[CHAPTER XX]

SUVA TO HONOLULU

At five o'clock in the afternoon of the 2nd of July we weighed anchor and slipped from the quietness of Suva harbour out into a roystering east wind that was playing all manner of strange pranks with the placid sea we had come in through a week previously. For steep, short seas and uncomfortable small-schooner weather, nothing quite equals one of these reef-locked stretches of the south-west Pacific with a stiff blow on. The ever-imminent bottom, constantly dragging on the waves, retards them below and lets them keep going above, producing seas something between ocean swells and lines of surf. Sailing with seas of this description coming anywhere forward of the beam is like tobogganing on an uncleared mountainside.

Hardly was the yacht clear of the harbour before we were forced to begin shortening canvas, and by eight o'clock double reefs had been tied in the mainsail and foresail and the bonnet taken out of the forestay-sail. Even then she made bad weather of it. She would make a terrific leap skyward, almost standing on her rudder in an effort to clear an advancing wave, and then crash thunderingly down and bore her nose deep into the green water of the next sea before her bows began lifting again. There was not a great deal of weight behind the seas and they did little damage; but all night long they shook the yacht as a terrier does a rat, carried away a couple of boat-loads of fresh fruit contributed by our Suva friends, and made sleeping an impossibility. By morning a falling wind and sea made it possible to shake the reefs out of the foresail and put the bonnet back into the forestay-sail, but the mainsail languished all day with the most of its length along the boom.

Early in the morning of the 4th the yacht crossed the 180th Meridian, carrying us back to West Longitude. Regarding the unusual sequence of days on this occasion the "Ladies' Log" has the following entry under date of July 3rd:

"Yesterday it was Sunday, the 3rd; today, from twelve P. M. to four A. M., it was the Fourth of July. Then we crossed the 180th Meridian, and it was again Sunday, the 3rd. Tomorrow we will have a continuation of the Fourth which we started this morning. This figures out at one and five-sixths Sundays and one and one-sixth Fourths of July, making a total of three complete and consecutive holidays on which, according to nautical custom, the cook must provide us with 'duff.'"

Levity of the "Ladies' Log" aside, the coincidence was a most remarkable one.
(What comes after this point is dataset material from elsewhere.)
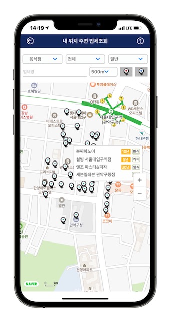 내 위치를 기준으로 음식점, 제과점, 주점 등 전국 식품업소를 검색할 수 있고, 업소위반사항, 회수제품 등 정보도 연결하여 한번에 확인
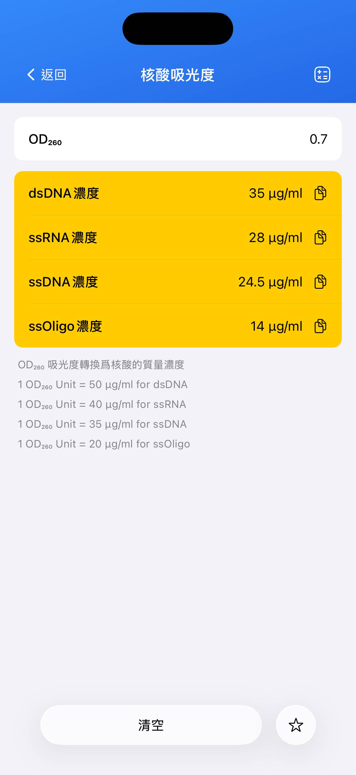 OD260 核酸濃度計算器

It was possibly the first fragment of the Fourth struggling to join forces with the unbroken one that followed which caused an hour's diversion on the morning of the latter which was quite sufficient in itself to stand for an Independence Day celebration. The wind had been light but steady from E.S.E. all day, and when darkness fell there was nothing in the smooth sea, clear sky and high barometer to point any reason for not carrying the light sails all night. An easy nine miles an hour was averaged all through the first watch, and a freshening of the breeze shortly after the sounding of midnight had ushered in the Fourth was responsible for better than ten miles being run in the hour immediately following. Shortly after one o'clock the breeze, quite without warning, suddenly fell light, and all in a minute the celebration was on. What it was we managed to agree upon the next morning, and as to why it was the coming day also brought considerable enlightenment; how it was depended largely upon one's viewpoint, and no two of us appear to have seen it quite in the same way. I, sleeping on a cabin transom when the thing happened, can merely set down my own impressions.